Figure 3. ATDC upregulates β-catenin levels and TCF transcriptional activity.

(A, B) Representative Western blots of wild type, empty vector, and ATDC-transfected HEK 293 (A) and MiaPaCa2 cells (B). Overexpression of ATDC results in upregulation of β-catenin, active β-catenin, and the TCF target genes DKK1 and c-Myc. β-actin was used as a loading control. (C, D) Representative Western blots of Panc1 (C) and BxPC3 (D) cells expressing control shRNA, ATDC shRNA1 or 2. Silencing of ATDC in Panc1 and BxPC3 cells decreases levels of active β-catenin, DKK1 and c-Myc. β-Actin serves as a loading control. (E, F) Photomicrographs of control shRNA and ATDC shRNA1-expressing Panc1 cells (E) and BxPC3 cells (F) immunostained with an anti-β-catenin antibody (green). Cell nuclei were counterstained with DAPI (blue). (G) TCF reporter activity was assessed by using the β-catenin responsive TOPFLASH reporter and the mutant control FOPFLASH reporter in HEK 293 cells stably transfected with empty vector or an ATDC expression vector (mean±SE, *p<0.05 vs empty vector-transfected cells). (H) The GST-E-cadherin (GST-Ecad) fusion protein detects increases in the free pool of β-catenin.
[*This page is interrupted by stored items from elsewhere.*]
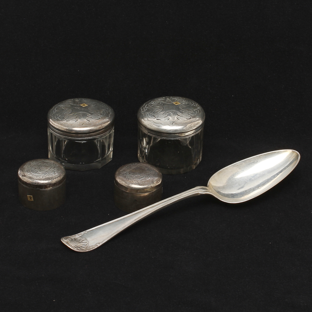 437909. ÆSKER 4 stk og SKE, sølv, 1800-tallet.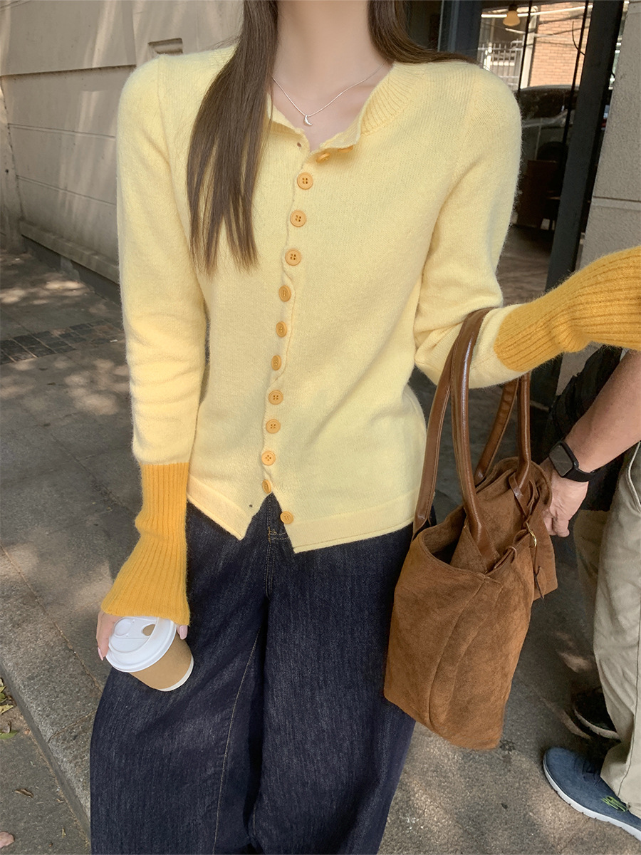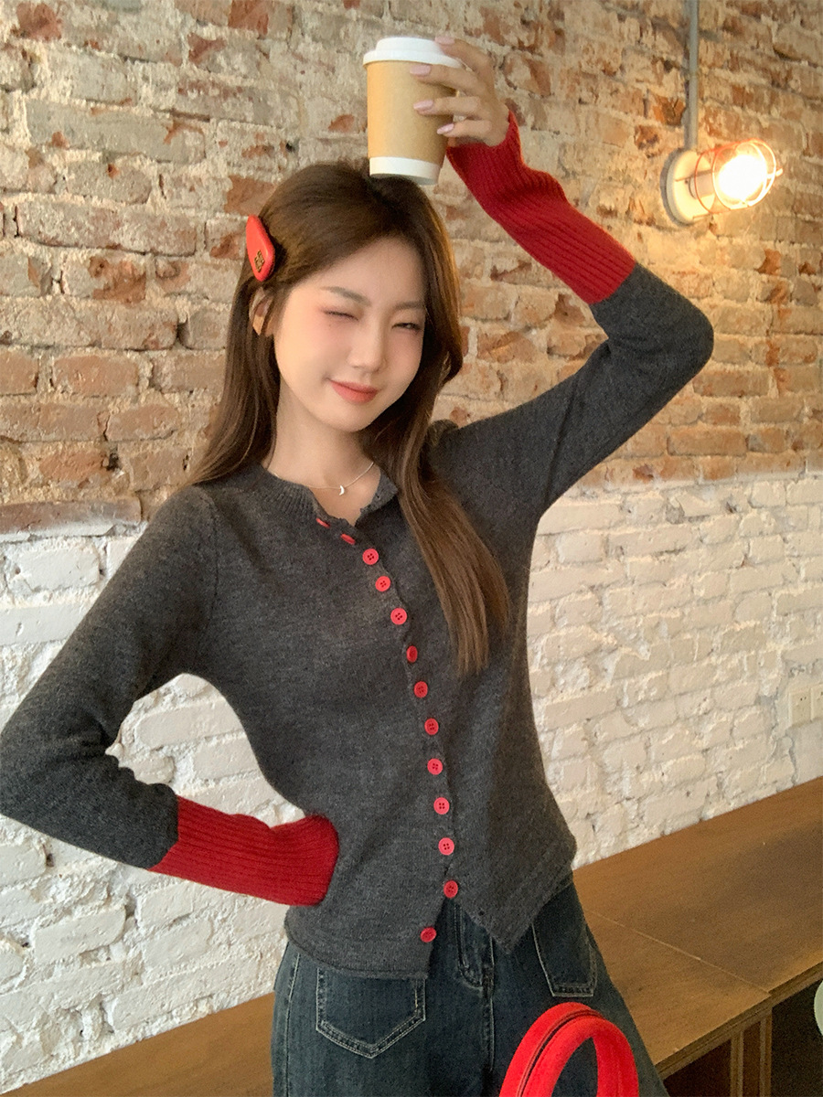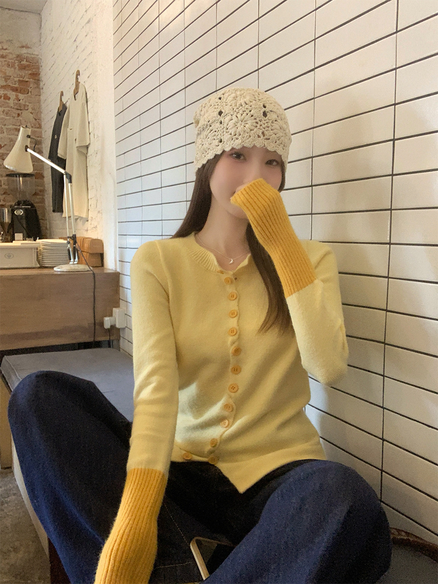 Шикарный цвет контрастный дизайн трикотажный кардиган куртка женская осень-зима новый сладкий тонкий тонкий с длинными рукавами нишевые топ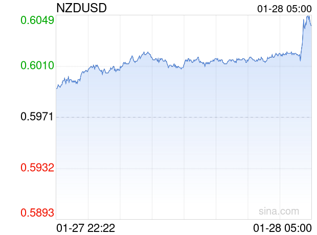 新浪外汇消息2026年01月28日,截至05时01分,外汇市场上新西兰元兑美元汇率突破1新西兰元兑换0.6041美元。涨幅为1.1723%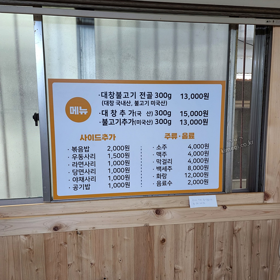 메뉴는 대창 불고기 전골이 1가지만 판매하고 있어요. 대창이나 불고기 추가는 가능합니다. 사이드로는 볶음밥, 각종 사리가 있어요.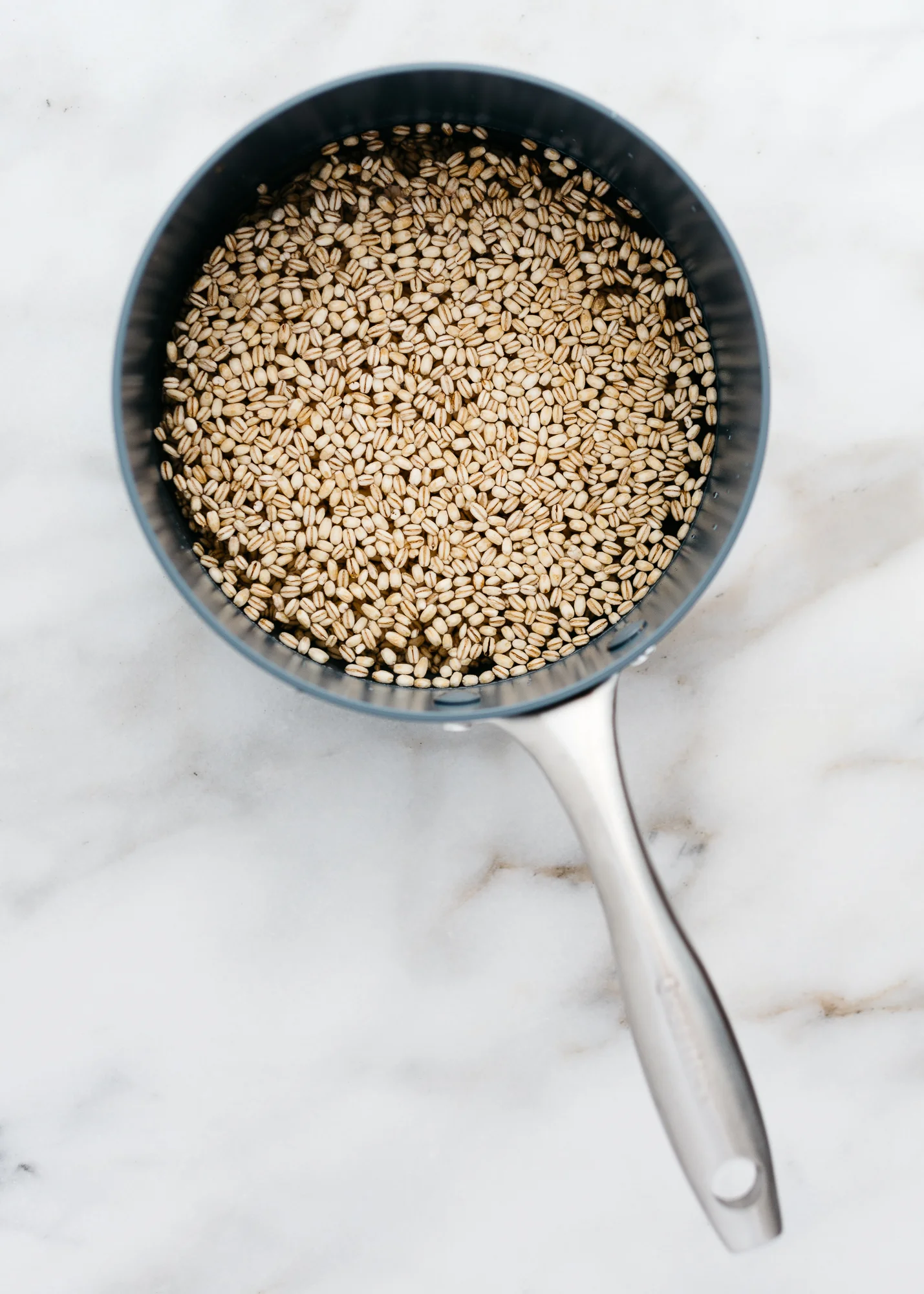 In a 2-quart saucepan, cook barley to al dente, according to package directions. Strain out any remaining water and keep barley in pan.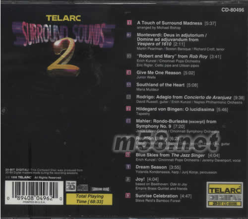 1.A Touch of Surround Madness [5:37] 2.Monteverdi:Deus in adjutorium/ Domine ad adjuvandum from Vespers of 1610 [2:11] 3."Robert and Mary"from Rob Roy [3:41] 4.Give Me One Reason [5:02] 5.Southland of the Heart [5:08] 6.Rodrigo:Adagio from Concierto de Aranjuez [9:38] 7.Hildegrad von Bingen:O lucidissima [5:46] 8.Mahler:Rondo-Burleske(excerpt)from Symphony No.9 [7:20] 9.Reunion Blues [6:28] 10.Blue Skies from The Jazz Singer [4:04] 11.Dream Season [3:55] 12.Joy! [4:04] 13.Sunrise Celebration [4:47]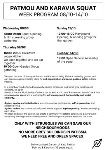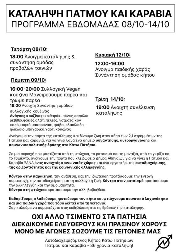 Κατάληψη Πάτμου & Καραβία Ευγενίου Καραβία 23, Κάτω Πατήσια (5' από ΗΣΑΠ Κάτω Πατήσια, Τρόλεϊ 3,5,11,14 & λεωφορεία Α8,608: στάση ΑΓΙΟΣ ΛΟΥΚΑΣ)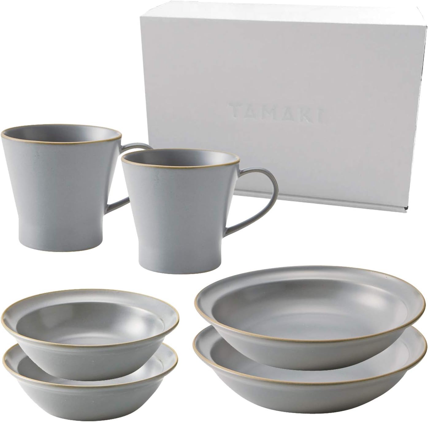TAMAKI ペア食器セット エッジライン グレー 6点セット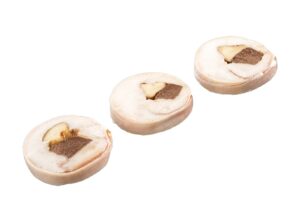 Amuse van hoenderdijfilet met hertensukade, gedroogde stukjes appel en speculaaskruiden.
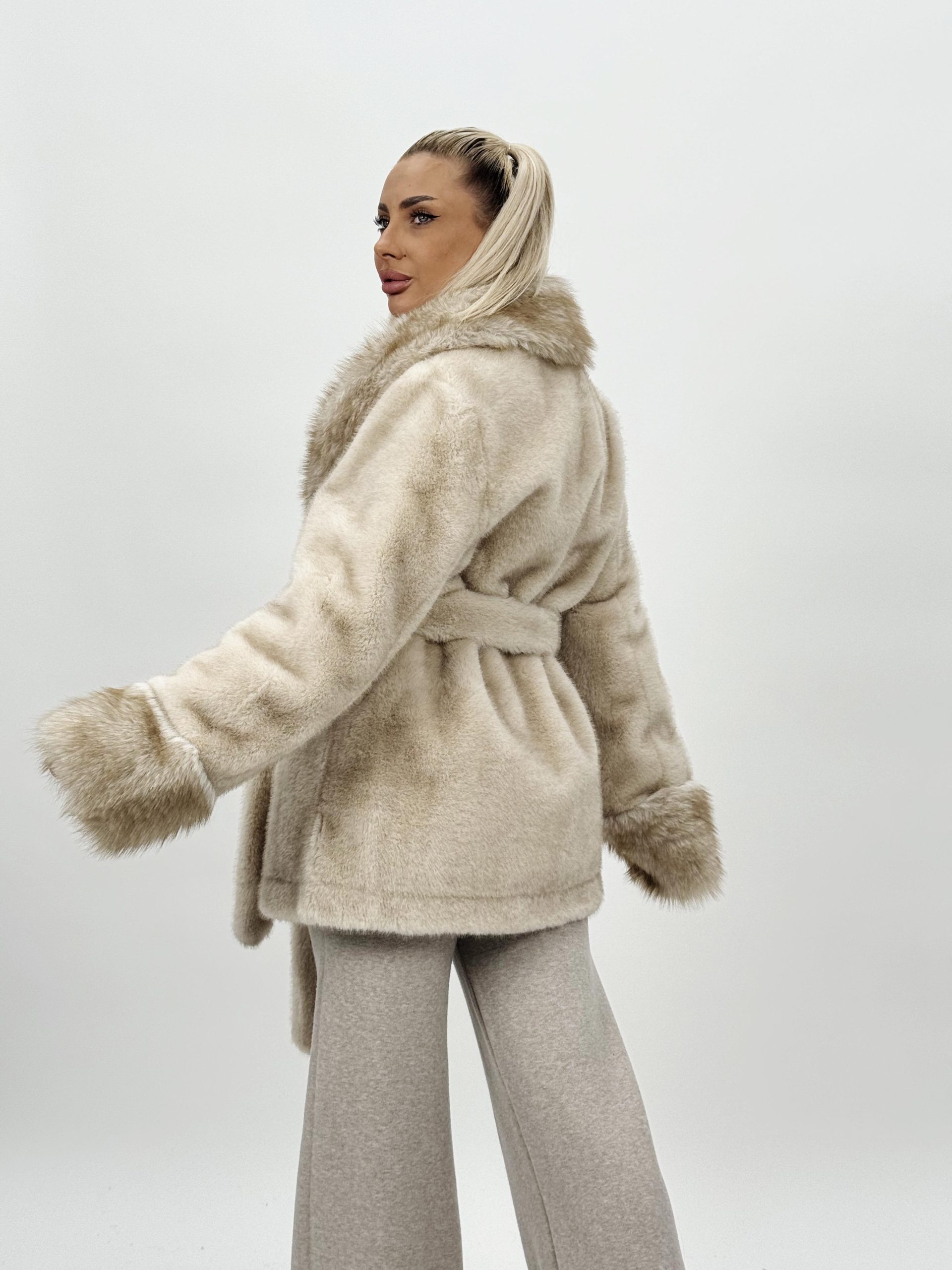 Jachetă din Blană cu Cordon în Talie – Eleganță și Căldură Într-o Singură Piesă
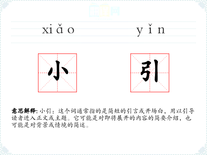 - 口语:在日常对话中,小引可能是一段开场白,用以引出话题或表达者的主要观点。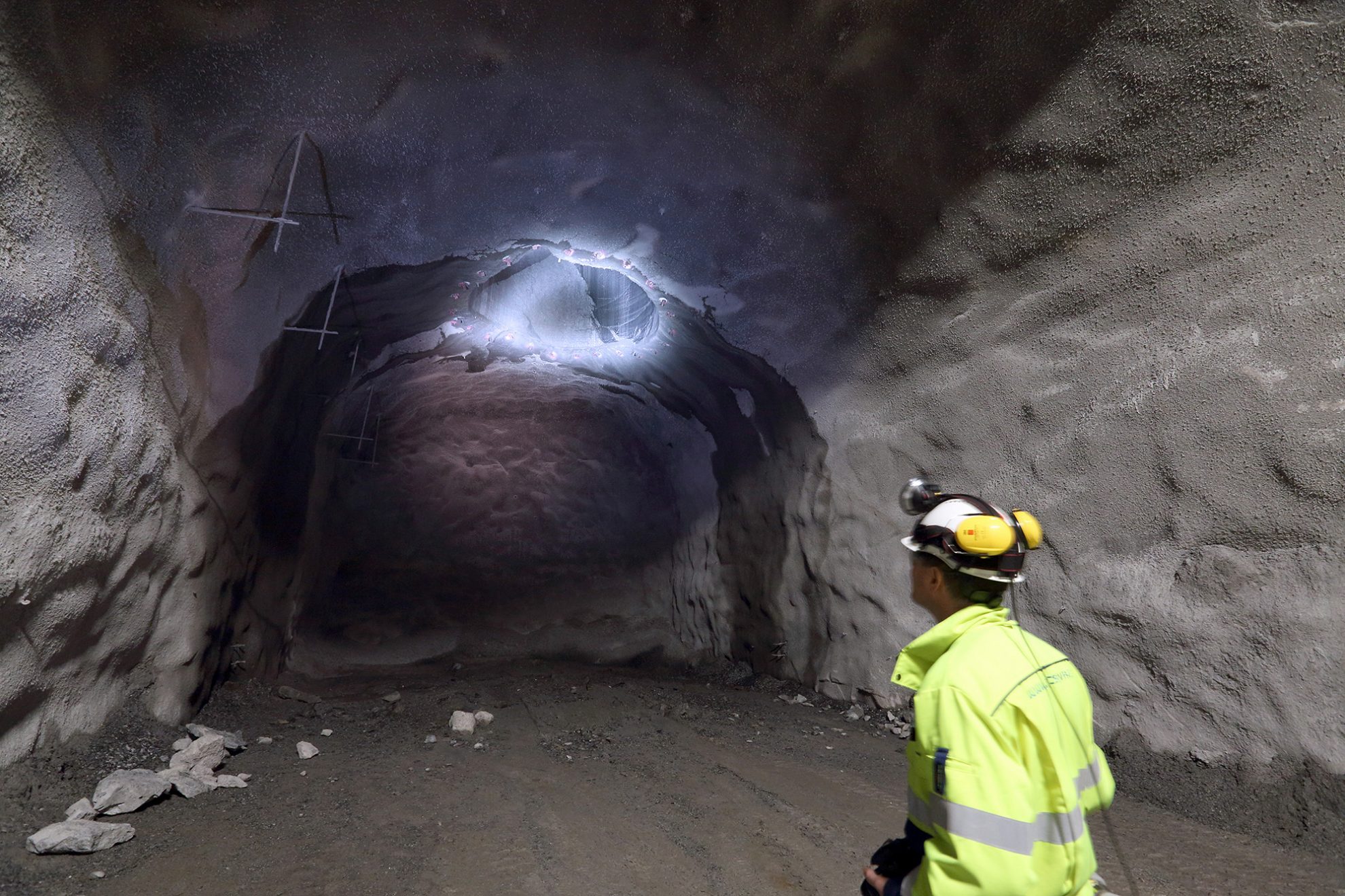 Stati spiralinė penkių kilometrų ilgio rampa jungia tunelio angą (nuotr.) su Žemės gelmėmis. Ten, giliai, geltonas gręžimo bokštas uoloje daro skyles, nes ji ruošiama sprogdinti. Justi žvarba, bet po keleto metų čia gali būti labiau panašu į suomišką pirtį. Duobėse bus palaidoti variniai 5,2 metro ilgio konteineriai su bene radioaktyviausių pasaulyje branduolinių atliekų likučiais. Kai bus baigta gręžti (maždaug po šimto metų), tuneliuose, kurių bendras ilgis sieks iki 70 kilometrų, tokių konteinerių bus 3250, o kiekviename – po pusę tonos panaudoto kuro. Tada visa teritorija bus izoliuota, kad nekeltų pavojaus ateities kartoms.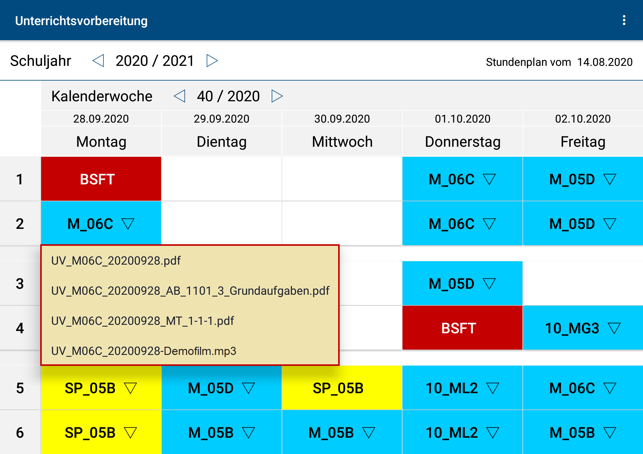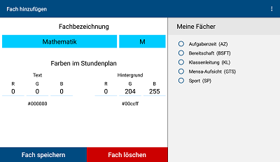 For a clearer presentation in the timetable, you can design the individual subjects in different colors under „Colors in the timetable”.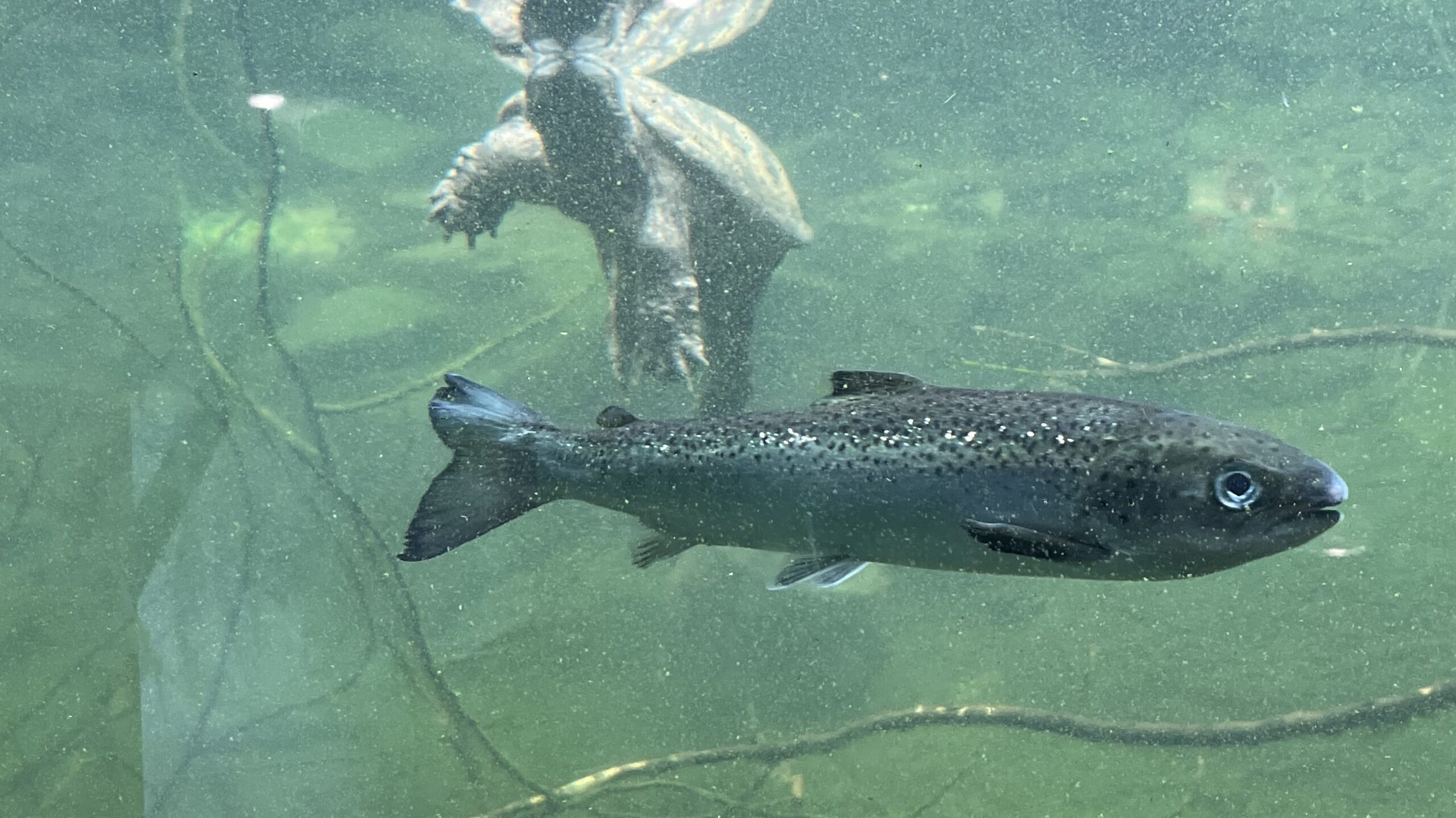 A turtle and a fish both swimming in the Americas section of the Toronto Zoo, Toronto, ON, Canada

HEK 293 cells expressing ATDC or S33Y β-catenin (S33Y) were harvested. Free β-catenin levels were assessed by western blotting of GST-Ecad-bound fractions of cell lysate using a specific anti-β-catenin antibody. β-actin (input) was used as a loading control. (I) Representative blots of β-catenin levels in membrane (Mem), nuclear (Nuc) and cytoplasmic (Cyto) fractions and total lysates (Lys). β-actin (cytoplasmic expression) and fibrillarin (nuclear expression) were used as loading controls.